Description
Describe the bug
The behaviour of ListingTableUrl with respect to paths containing percent characters is rather confusing, and I suspect not entirely intentional.
Consider a filesystem containing a file named bar%2Ffoo
, there is actually no obvious way to address this file.

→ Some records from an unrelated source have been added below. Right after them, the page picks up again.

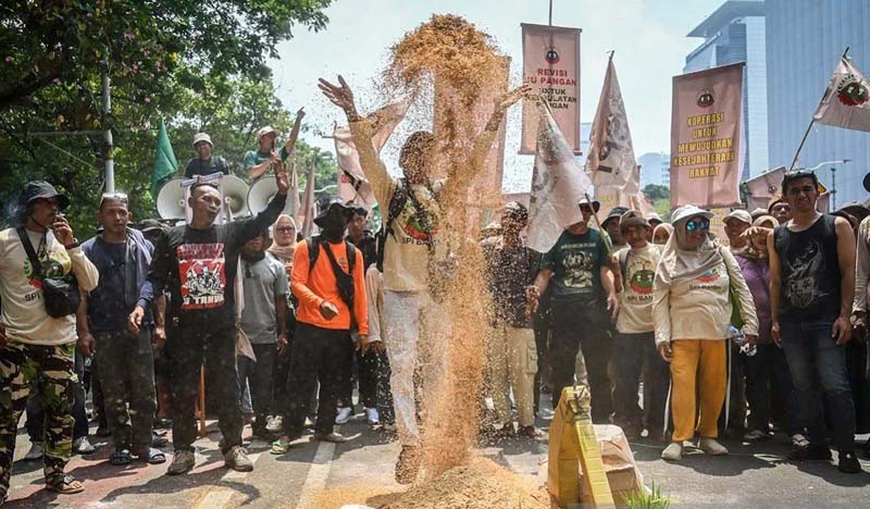 AKSI HARI PANGAN – Pengunjuk rasa melakukan aksi Hari Pangan Sedunia di Jalan Medan Merdeka Selatan, Jakarta, Kamis (16/10). Aksi tersebut bertujuan untuk menegaskan kembali bahwa reforma agraria adalah sebuah kunci untuk mewujudkan kedaulatan pangan di Indonesia.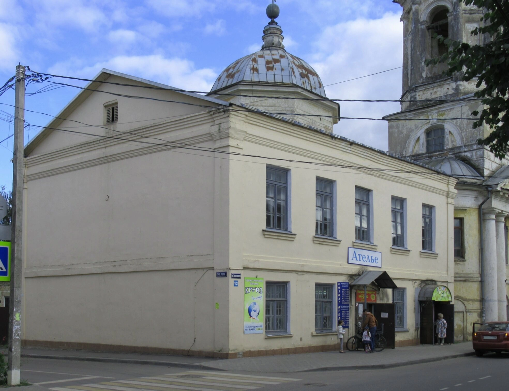 На фотографии запечатлён исторический двухэтажный дом светло-бежевого цвета, являющийся частью архитектурного комплекса церкви Климента, папы Римского, в городе Торжке Тверской области. Здание, расположенное на углу улицы Луначарского (дом 12), выполнено в классическом стиле с характерными пилястрами и карнизами. На первом этаже располагалось ателье, о чём свидетельствует историческая вывеска, а второй этаж и подклеть были отведены под домовый храм.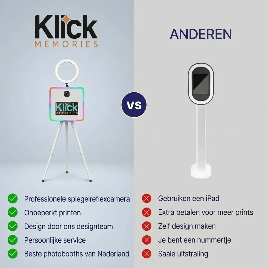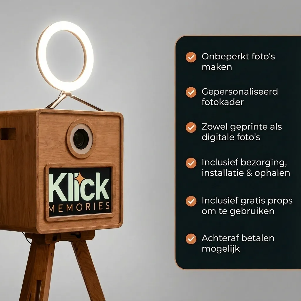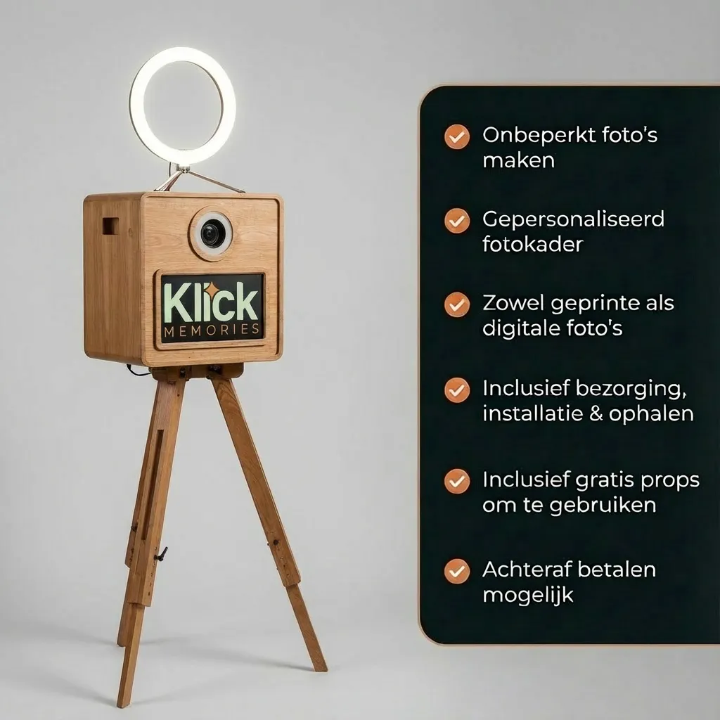Een photobooth huren doe je eenvoudig en snel via Klick Memories.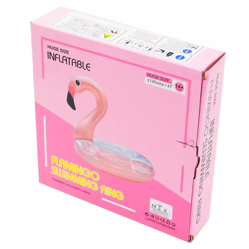 Pripučiamas plaukimo ratas flamingas su blizgučiais viduje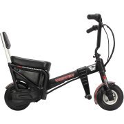 The Chopster E-Motorcycle from Pulse Performance Products brings the rugged, tough look and feel of a real chopper to a child's e-motorcycle. It comes complete with mini ape-hanger handlebars, fold-out foot pegs, and a sissy bar backrest for that authentic, American chopper experience - but for kids! Featuring a 100-watt high-torque motor and dual air-filled rubber street tires, the Chopster is designed for smooth riding on the pavement. The variable speed throttle delivers instant throttle response so kids can move at a speed that makes them comfortable, and riders have secure control over the e-motorcycle with an easy-to-use handbrake. The 24-volt rechargeable battery provides up to 40 full minutes of continuous, easy ride time. A reinforced high-tensile steel frame, fork, and handlebars enhance the motorcycle's durability and safety. Designed for riders 8 years and older, weighing up to 120 pounds.Feature

let url = ListingTableUrl::parse("file:///foo/bar%2Ffoo").unwrap();
assert_eq!(url.prefix.as_ref(), "foo/bar/foo");
let url = ListingTableUrl::parse("file:///foo/a%252Fb.txt").unwrap();
assert_eq!(url.prefix.as_ref(), "foo/a%252Fb.txt");
let dir = tempdir().unwrap();
let path = dir.path().join("bar%2Ffoo");
std::fs::File::create(&path).unwrap();
let url = ListingTableUrl::parse(path.to_str().unwrap()).unwrap();
assert!(url.prefix.as_ref().ends_with("bar%252Ffoo"), "{}", url.prefix);
To Reproduce
No response
Expected behavior
The "correct" behaviour is that a file URL should be URL-encoded. That is according to the URL specification the correct way to reference this path would be file:///foo/a%252Fb.txt
. Similarly the non-URL version should be foo/a%2Fb.txt
.
That being said various tools instead interpret the URL path verbatim:
$ touch 'a%2Fb.txt'
$ aws --endpoint-url=http://localhost:4566 s3 cp 'a%2Fb.txt' s3://tustvold/
$ aws --endpoint-url=http://localhost:4566 s3 ls s3://tustvold/
2023-10-31 15:40:13 0 a%2Fb.txt
$ aws --endpoint-url=http://localhost:4566 s3 cp 's3://tustvold/a%2Fb.txt' foo.txt
aws --endpoint-url=http://localhost:4566 s3 cp 's3://tustvold/a%2Fb.txt' foo.txt
$ gsutil cp a\%2Fb.txt gs://tustvold
$ gsutil cp gs://tustvold/a\%2Fb.txt test
I'm not entirely sure how to classify DataFusion's current behaviour other than confusing. I think we should probably strive to replicate tools like the aws-cli and gsutil.
Additional context
The current behaviour was added in #3750
No response